Tag Archives: plans

Project Anniversary

It has been one year for the Harappa Ancestry Project. I announced it on January 17, 2011 and then moved it to its own domain on January 19.

It started out fast and furious with participants sending their data every day and I was blogging it multiple times a day. Now it has slowed down quite a bit with only one South Asian unrelated participant (not counting any Romany) in the last 2 months.

Speaking of participants, there have been a couple of complaints.

The decision to include non-South Asian participants from countries that do not neighbour the Subcontinent contradicts the Harappa Project's original inclusion criterion.

I concur with DMXX. While I'm certainly not anyone to tell Zack how to run his own show, I think the project is losing it's original focus. Accepting folks from West-Asia was also fine, given that South-Asians derive a lot of ancient ancestry from the area and thus may be deemed a secondary focus area. The same could also be said for those with partial Roma Gypsy ancestry. But, some of the runs seem to be almost entirely dominated by non-South Asian participants, who have absolutely no connection with the subcontinent. I can't help but ask on what basis these Brazilian, Belizean, Mexican, Hispanic, Somali, African-American and European participants were accepted into the project.

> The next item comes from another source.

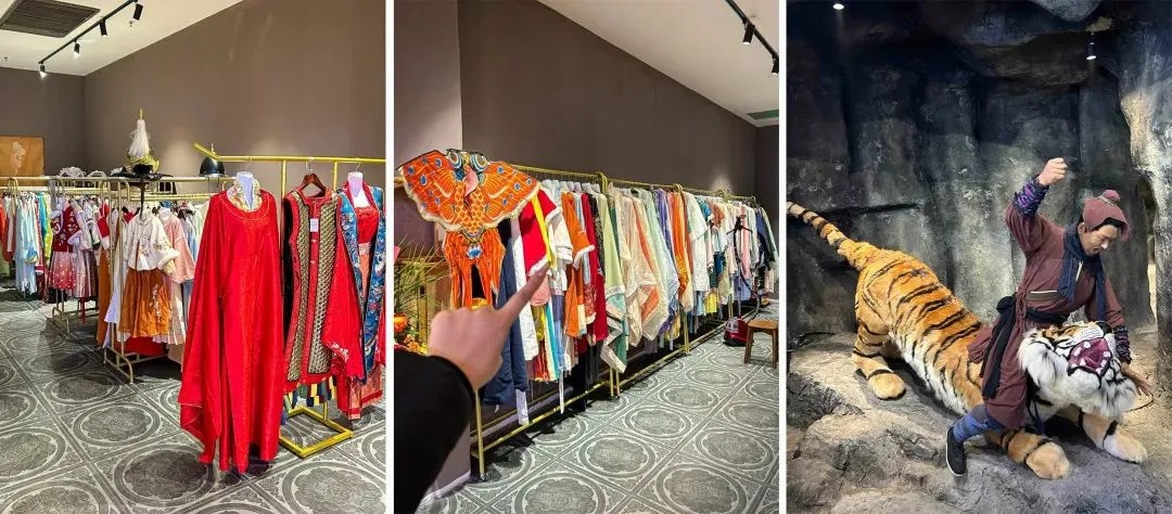 宋朝食間的另一大亮點(diǎn)是漢服體驗(yàn)館(需付費(fèi))。除了提供宋朝傳統(tǒng)的男子常服襕衫、女子襦裙款式,也有不少經(jīng)過改良的“新中式”款式。換上古裝后,可以到多個(gè)拍照點(diǎn)位打卡,如武松打虎、魯提轄倒拔垂柳等經(jīng)典場景,還可以到大舞臺(tái),看各式文藝表演。

My approach has been to make it clear to any potential participants that my focus is on South Asia. Thus any Admixture components I have computed have been with a heavily South Asian dataset. Also, a number of PCA and clustering analyses that I do are at times limited to South Asians etc. On the other hand, I have accepted any participant who has asked to be included. I run a basic Admixture run for everyone which is a fairly automated process and sometimes include them in other analyses.

Let me illustrate with an example. I am working on a new Admixture calculator. For computing the components, I am using all the South Asian project participants in addition to reference datasets. I am going to select the data for that in such a way that we get Admixture components which gives us a better idea of South Asian genetic ancestry.

While participation in the project has slowed down, the research on South Asian genetics has picked up. We had the Metspalu et al paper and dataset. Also. 1000genomes is expected to release 400 South Asian samples (100 Lahori Punjabis, 100 Bangladeshis, 100 Sri Lankan Tamil and 100 Indian Telegu) over the summer.